Alex runs a QC lab serving the production facility. It operates 24/7, testing samples of final product (pellets) as well as intermediate products (liquid or solid). Operators are unskilled and the system must be foolproof and rugged. They purchased 2 systems so that one could be always available as a backup.

The testing process involves 2 heated reactions with cooldown steps in between. The first is a hydrolysis reaction of the product together with an internal standard at 115 degrees. During this process pellets are dissolved. After a cooldown period, a derivitizing reagent is added followed by another heated incubation at 80 degrees. The derivitized reactants are then injected onto a GC for analysis.
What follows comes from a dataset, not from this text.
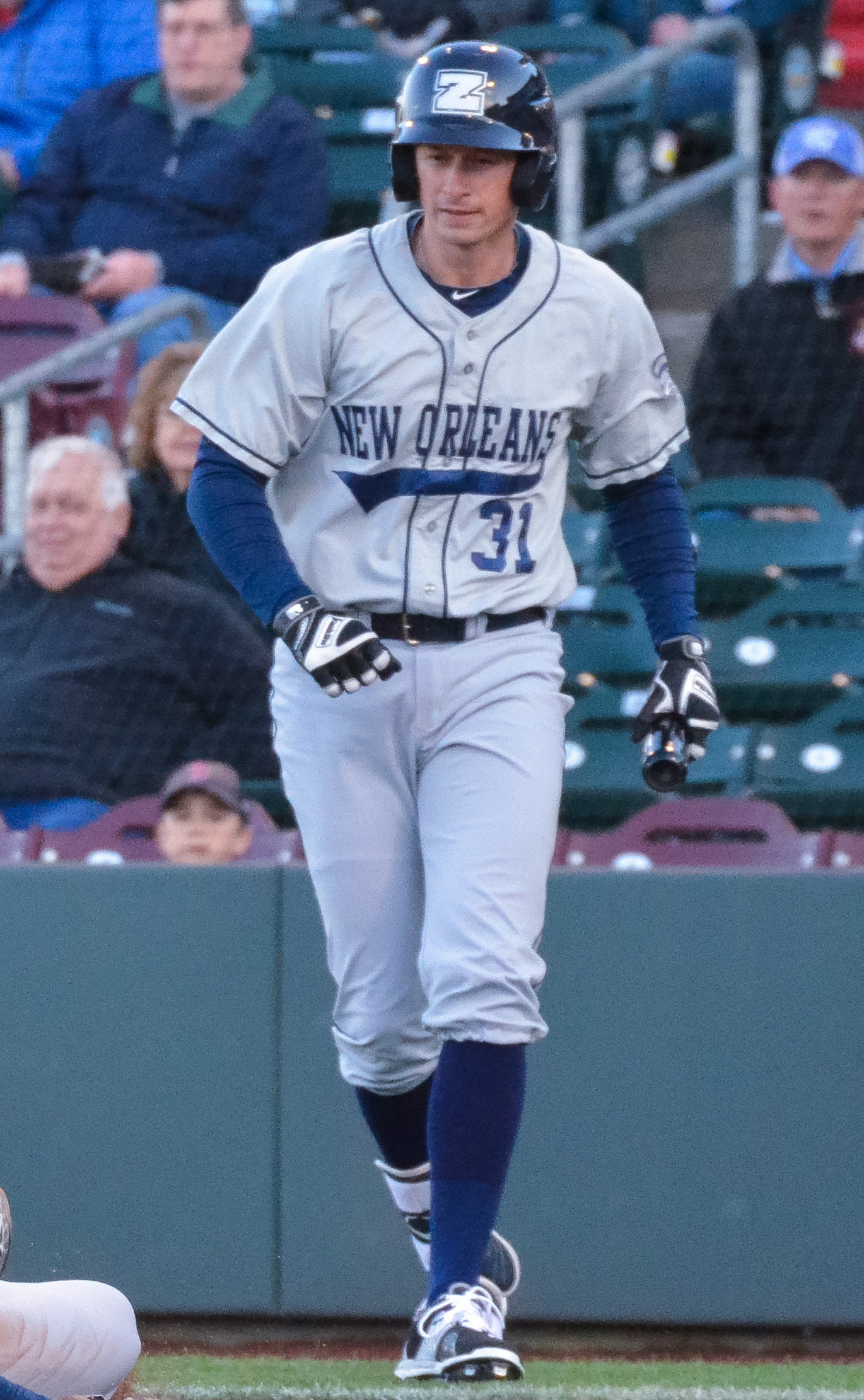 Don Kelly

A balance is used to check that a minimum weight of product is in the original vial. If not the sample is skipped. The samples are barcoded at the time the sample list is set up. At runtime the scanned barcode is compared to the expected barcode and if there is a mis-match then the sample is skipped.

LEAP Shell handles the sample scheduling of each of the 5 stages of the process, overlapping them all and filling up both agitators according to the available time between operations. It also handle barcode and weight validation as well as data logging.

The system is mounted on an Agilent GC (System 1 on a 6850, and System 2 on a 6890). Chemstation has been integrated by the customer using the Chemstation macro capabilities. Their macro picks up a file written for each sample by LEAP Shell and starts the GC run.